In its prime, Green Mountain was nestled in one of the most picturesque settings in all of American racing, tucked among the trees at the southern tip of the iconic mountain range for which it was named. For Thoroughbreds, it featured a unique 13/16ths of a mile oval, with an inordinately long stretch of 1,106 feet.

Founded by Lou Smith, who owned Rockingham Park in New Hampshire, Green Mountain first hosted Thoroughbreds in 1963 and added Standardbred racing a year later. In 1968, the track was the first on the East Coast to host Sunday racing, drawing busloads of horseplayers from as far away as Philadelphia.

But the track’s rural location far away from major highways and cities largely worked against it, and Green Mountain had solvency issues almost from the start. The harness meet ran through the brutal Vermont winters, and in 1973, four years after Smith died, the Rooney family of Pittsburgh bought the track.

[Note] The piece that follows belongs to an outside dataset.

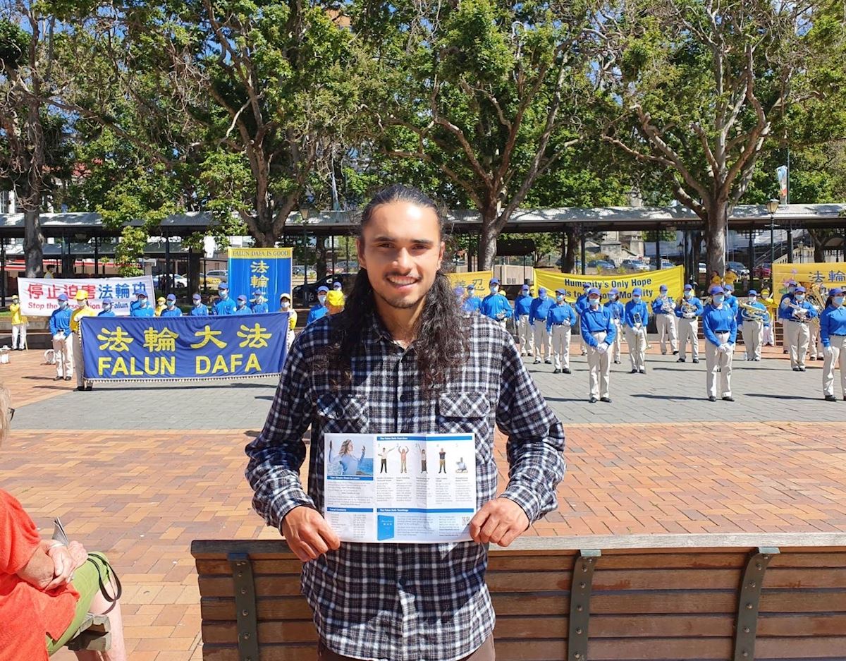帕塔玛·克罗斯曼-尼克松(Poutama Crossman-Nixon)是一位毛利族裔的小伙子。当天,他开车路过学员们炼功的广场,心里就莫名的喜欢,于是停好车,站在一边看了很长时间。

By 1976, Green Mountain had become the first track in the country to host Thoroughbred, Standardbred, and greyhound racing in a single year. But the lower-cost dog racing eventually forced out the horses. The final Thoroughbred program on September 12, 1976, was marred when jockey Thomas Arroyo was trampled to death.

Greyhound racing ceased by 1992, and the property changed hands several times. Over the last three decades, various developments and businesses have been proposed, including mixed-use housing and a water bottling facility. The former track also staged outdoor entertainment events like concerts and auto shows, and the vacant infield later became a popular spot for drone-flying enthusiasts.

When a TDN reporter last visited in 2005, the property was under heavy video surveillance with numerous trespass warnings prominently posted.